Another overlooked group that might want to unenroll: Business owners or gig workers, who are supposed to make estimated tax payments. The risk is that the IRS might reduce the monthly CTC payment you receive to offset the cost of those estimated payments, Jaeger says.

But fearing a sizable tax bill at the end of the year might be hyperbole. Income thresholds for the first $2,000 portion of the credit are much higher, making it a valid safety net to prevent you from having to pay all of it back.

“I don’t think you’re going to have a huge problem in regards to big overpayments back,” Jaeger says. “If something happens to be slightly off based on what you earned, you at least have that part of the credit still on your tax return that can decrease to help cover that monthly payment.”

Bottom line

It’s especially important to file your tax return for 2020 as soon as possible, not only because of your possible tax credit payments, but you may have racked up penalties for missing the May 17 deadline. You want to ensure that the agency has your “latest and greatest information” to expedite delivery, Jaeger says.

Tax returns must be processed by June 28 to be reflected in the first batch of monthly payments scheduled for July 15, according to the IRS. And even if you receive your credit in subsequent monthly installments, the agency says it will adjust the monthly amounts upward to ensure that people still receive half of their total eligible benefit by the end of the year.

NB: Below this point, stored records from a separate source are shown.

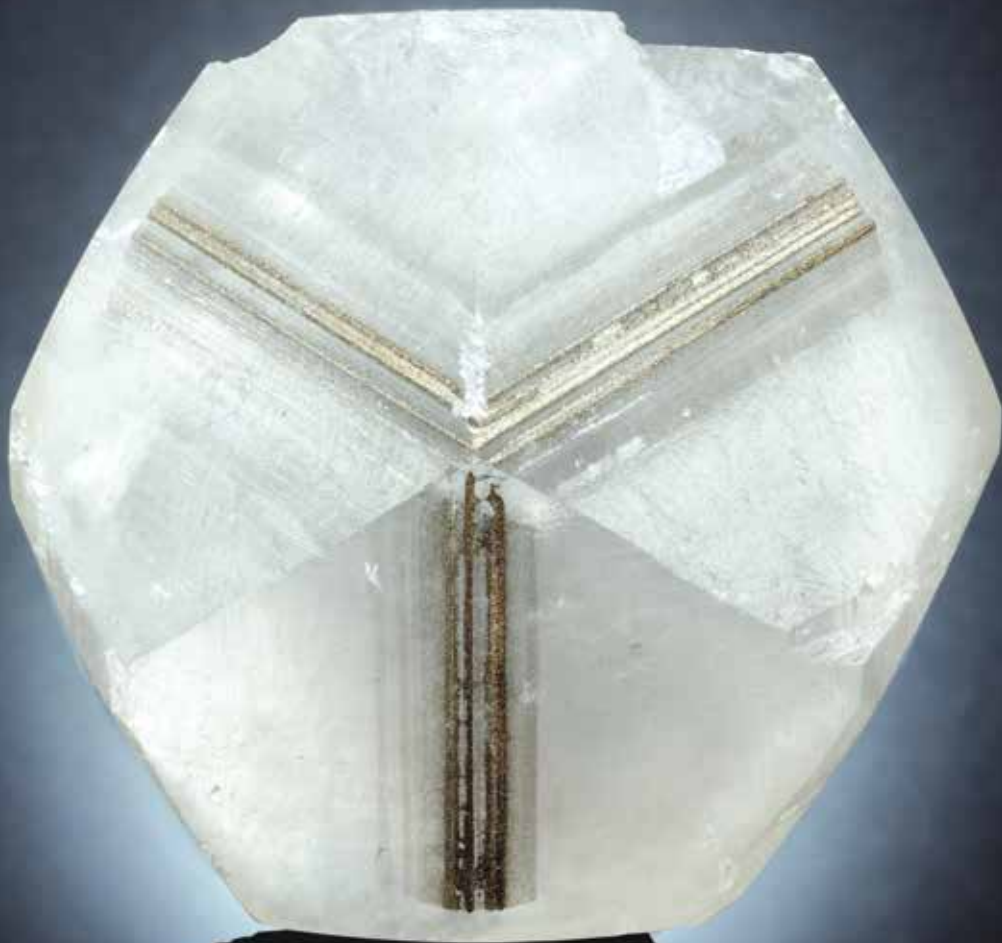
CALCITE con inclusione di Pirite stellata cristallo 12.5 x 12.5 cm Chenzhou Mine - Hunan - Cina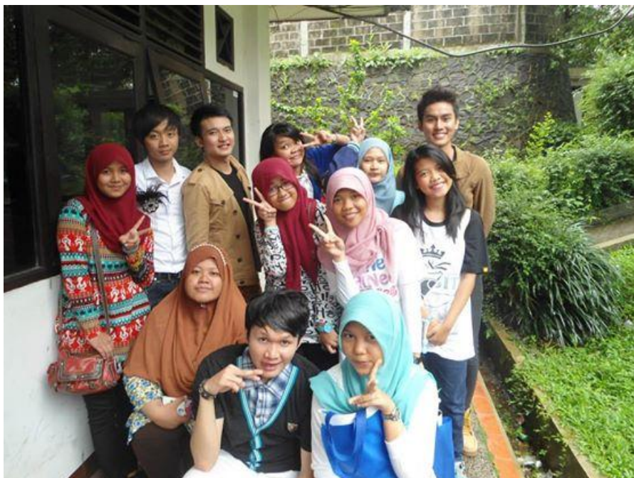
Gb.2 Kpopers Shawol sedang berfoto bersama cover Shinee yaitu Skynee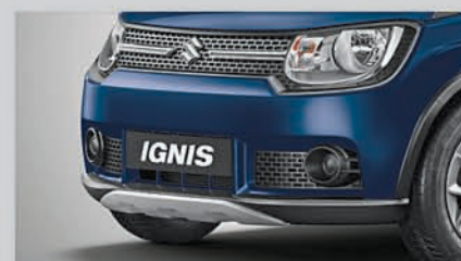
Rugged Body Kit

NEXA Safety Shield Standard Across All Variants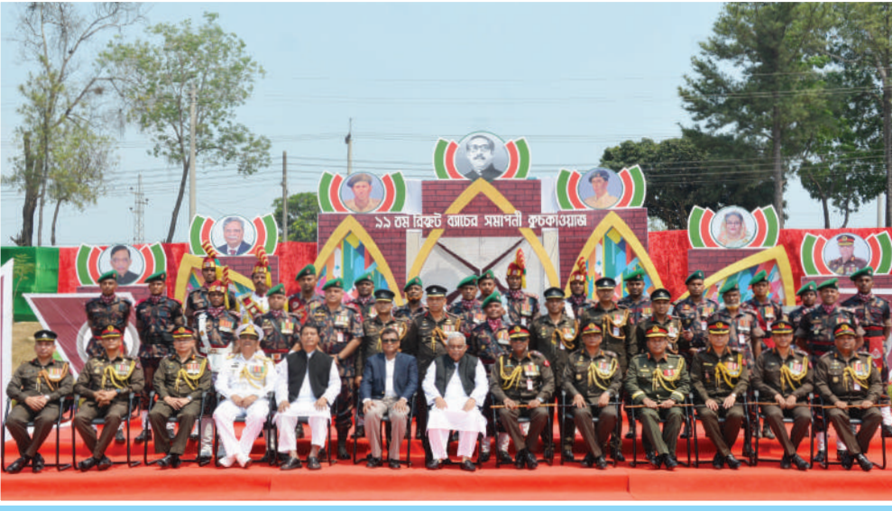
কুচকাওয়াজ শেষে ফটোসেশনে মাননীয় স্বরাষ্ট্রমন্ত্রী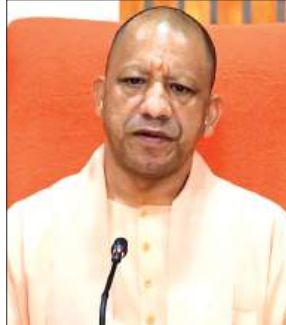
हुए शोक संतप्त परिवजनों एवं प्रशंसकों को इस कठिन समय में धैर्य व संबल प्रदान करने की कामना की।

मुख्यमंत्री ने दिवंगत आत्मा की शांति के लिए ईश्वर से प्रार्थना करते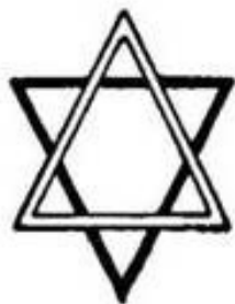
Deuxième Logos Macrocosme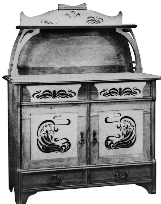
Juugendstiilis kummut nr 3478, mille põletustehnikas paneele kasutati ka juugendstiilis toolide valmistamisel.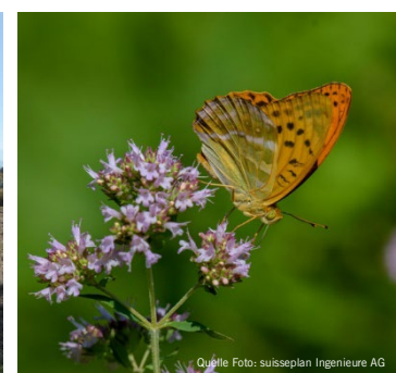
Kaisermantel beim Nektar trinken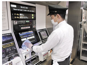
駅構内設備の消毒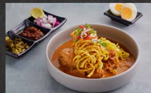
NORTHERN TREAT BREAKFAST 🍷 199 Northern Thai yellow curry noodles with chicken and boiled egg ชุดอาหารเช้าเชียงใหม่ ข้าวซอยไก่ เสิร์ฟพร้อมไข่ต้ม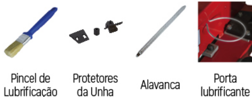
Pincel de Lubrificação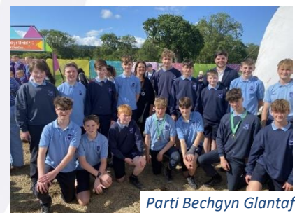
Parti Bechgyn Glantaf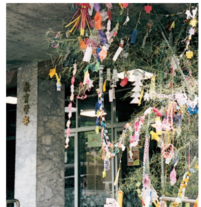
教育学部の七夕飾り

この七夕飾りは、19か国から来ている留学生たちがそれぞれの願い事を母国語や日本語で短冊に書いて飾り付けた国際色豊かなもので、短冊には国際情勢を反映した「世界平和」や「健康第一」、また、現実的な「日本語がうまくなりますように」や「大学院合格」など、たくさんの願い事が込められています。この七夕飾りにより、同センターは一段と賑やかになりました。また、同日、教育学部玄関においても、竹井研究室の学生たちの手により七夕飾りが飾り付けられ、メインストリートを通る人たちの目を和ませました。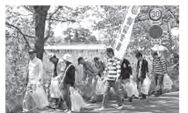
鳥屋野潟清掃の様子

特徴的な活動に「明日 Earth (平和運動・環境保全・社会福祉・被災地ボランティアほか)」がありますが、新潟県協では、新潟市中央区の実行委員会が主催する鳥屋野潟周辺の清掃活動に、毎年多数の組合員・家族から参加いただいています。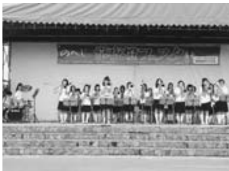
オープニングを飾る若小マーチングバンド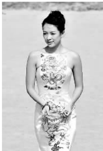
章子怡穿旗袍 亮相希腊

希腊当地时间3月24日,2008年北京奥运会圣火采集仪式在古奥林匹亚竞技场举行。作为希腊奥委会的特邀嘉宾,中国著名影星章子怡身着极具中国韵味的丝绸礼服出席圣火采集仪式。 (据新华网)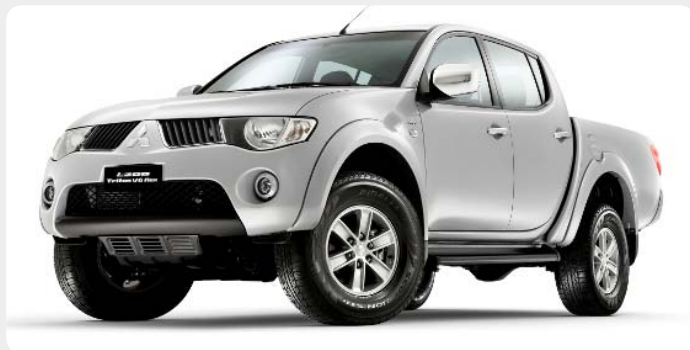
* L200 "Tritón" "Long bed" [2010 - ]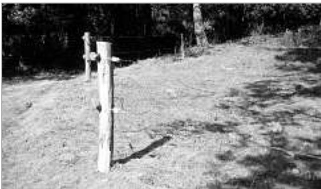
Geförderter 2-litziger Rinderzaun.

Bei der Bedarfsermittlung für das Weidezaunprojekt Wolfach haben sich 8 Interessenten mit ca. 40 ha einzuzäunender Fläche gemeldet. Es handelt sich mehrheitlich um Rinderhalter, Schaf- und Ziegenhalter nehmen überwiegend die Förderung aus der Wolfspräventionskulisse in Anspruch (siehe nachfolgend).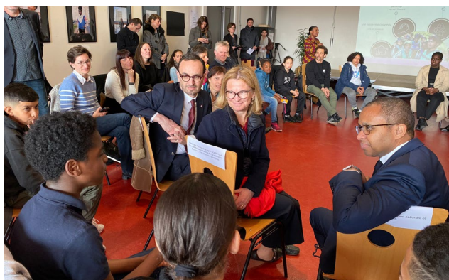
Présentation du projet «collège passerelle du Grand-Parc» à Bordeaux le 2 mars 2023 en présence du ministre.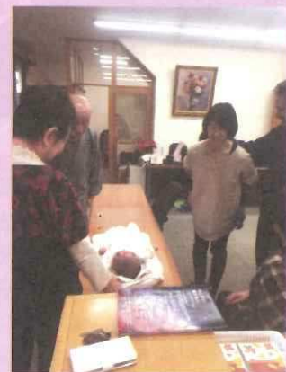
こんにちは舞ちゃん♪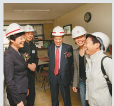
林鄭月娥參觀舊式公屋的模擬單位。她表示,第3期「活化歷史建築伙伴計劃」將於年中前招標。

香港文匯報訊(記者 曾偉龍)被納入第1期「活化歷史建築伙伴計劃」的石硤尾美荷樓,昨日舉行動土儀式,預計於明年下半年「變身」為青年旅舍,提供129間房間。發展局局長林鄭月娥表示,第3期活化計劃獲港府撥款5億元,將於年中前招標。她賣關子說:「其中一個項目是大家期待已久的。」據悉,有關項目是港島司徒拔道45號大宅「景賢里」。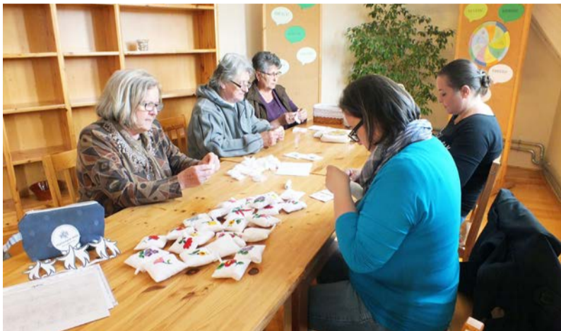
A Dobozi Nefelejcs Hímző Szakkör alkotó munkában

2017. május 8. és 14. között hagyományteremtő céllal országos rendezvénysorozat indult a Cselekvő közösségek – aktív közösségi szerepvállalás EFOP-1.3.1-15-2016-00001 kiemelt projekt keretében. A projekt a Szabadtéri Néprajzi Múzeum, a Nemzeti Művelődési Intézet és az Országos Széchényi Könyvtár konzorciumi együttműködésében valósul meg.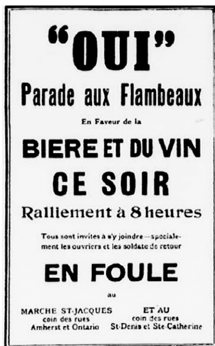
Affiche de la Parade des Oui avril 1919, La Presse .

Organisée par le Conseil central des métiers et du travail de Montréal et par des associations de vétérans, on la qualifie de « parade des ouvriers ». Près de 10 000 ouvriers et soldats démobilisés participent : dans le contexte des grèves et des revendications de l'après-guerre, on veut donner un caractère tempérant et ouvrier au rassemblement.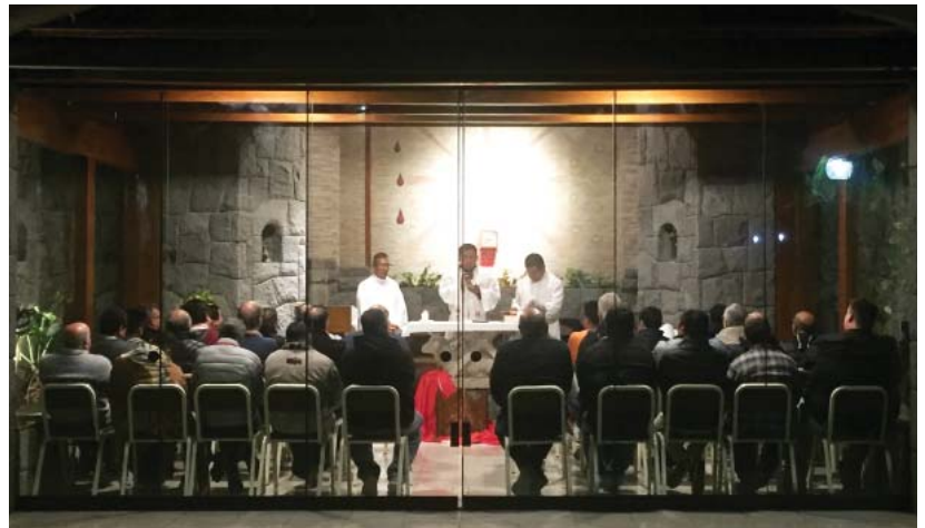
Los miembros se reúnen en oración en la capilla de la casa de ejercicios en Chaclacayo.

“El proceso (de llegar a ser una provincia nueva) es largo pero necesario para que cada miembro vaya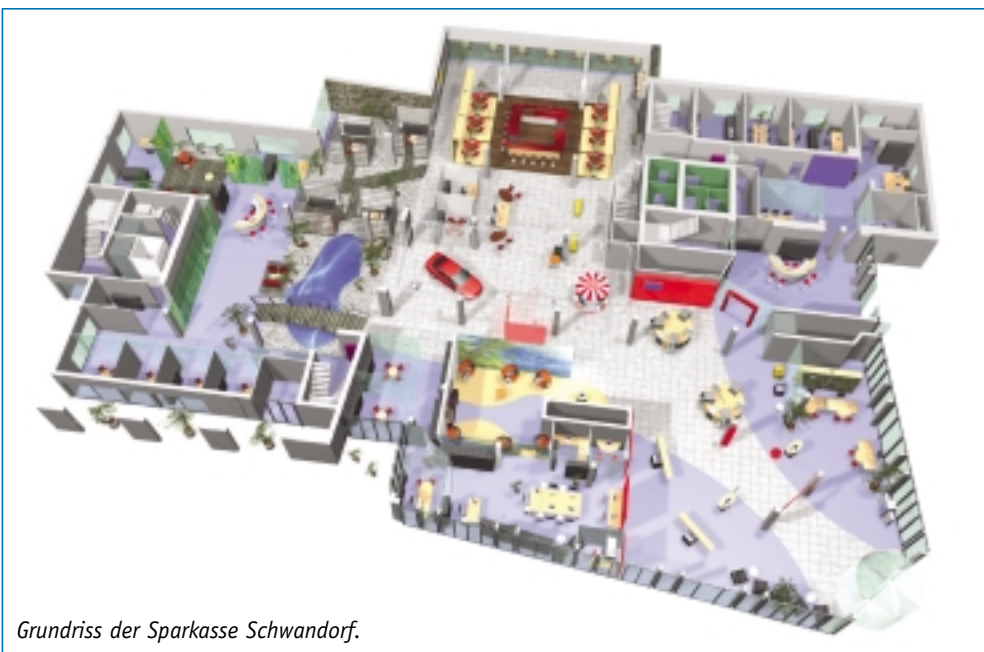
Grundriss der Sparkasse Schwandorf.

Die Sparkasse als Impulsgeber zur Wiederbelebung der Innenstadt: Grundgedanke der Gesamtstrategie war der Zusammenschluss mehrerer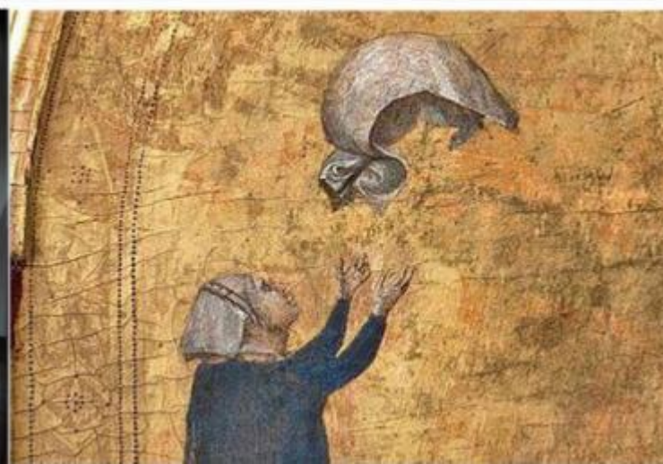
Milano, Palazzo Reale, 2 settembre 2015 / 10 gennaio 2016, mostra: Giotto e l'Italia , alcuni scorci dell'allestimento belliniano. (ph. Raffaele Cipolletta); a destra dettaglio del velo di Plautilla, dal verso del Polittico Stefaneschi.

Su una parete sono poi riprodotte, come in una sorta di wunderkammer, le mani del maestro che reggono oggetti fondamentali per la sua poetica, dal quadro L'architetto di Mario Sironi a una giacca di Issey Miyake; da alcuni oggetti di Ettore Sottsass alla raccolta completa delle lettere di Mozart; da un piatto di Lucio Fontana al portagiaccio di Gio Ponti; dal Compasso d'Oro a una matita con un foglio di carta, bianco, e molto altro ancora.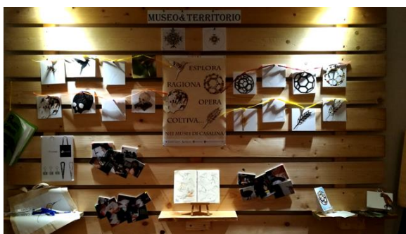
Fig. 11 - Uno spazio museale, individuato nell'ambito dell'itinerario di visita della Galleria di Storia Naturale, allestito dai ragazzi e dedicato alle attività di progettazione realizzate nell'arco di tempo dell'esperienza di ASL, condotta presso il Polo museale universitario di Casalina (Deruta-PG).

If you still have questions, don’t be afraid to utilize the IRS’ communications, including its regularly updated explainer on frequently asked questions. A tax professional might be able to offer you more specific advice.

Families should consider allocating the cash they receive toward priority expenses first, such as outstanding bills, rent, commuting costs, food or child care expenses. After that, you should think about using the money to build up an emergency fund or create a long-term savings fund for future goals, such as your child’s college education.

“The idea was to put money in the hands of families that need it,” Lins says. “If there are families still struggling with childcare or underemployment or medical bills, that money can help them in advance.”

A growing number of lawmakers on Capitol Hill are pushing to extend the scaled up CTC until 2026 — all the more incentive to get familiar and comfortable utilizing these tools.

“It’s something you’re going to interact with more based on your life-event changes,” Jaeger says. “It’s not ingrained in taxpayers’ minds to do that today, but if it’s something that continues to be offered, it’s almost like you have to get it ingrained in your mind that you will go out and interact with this portal to provide updates.”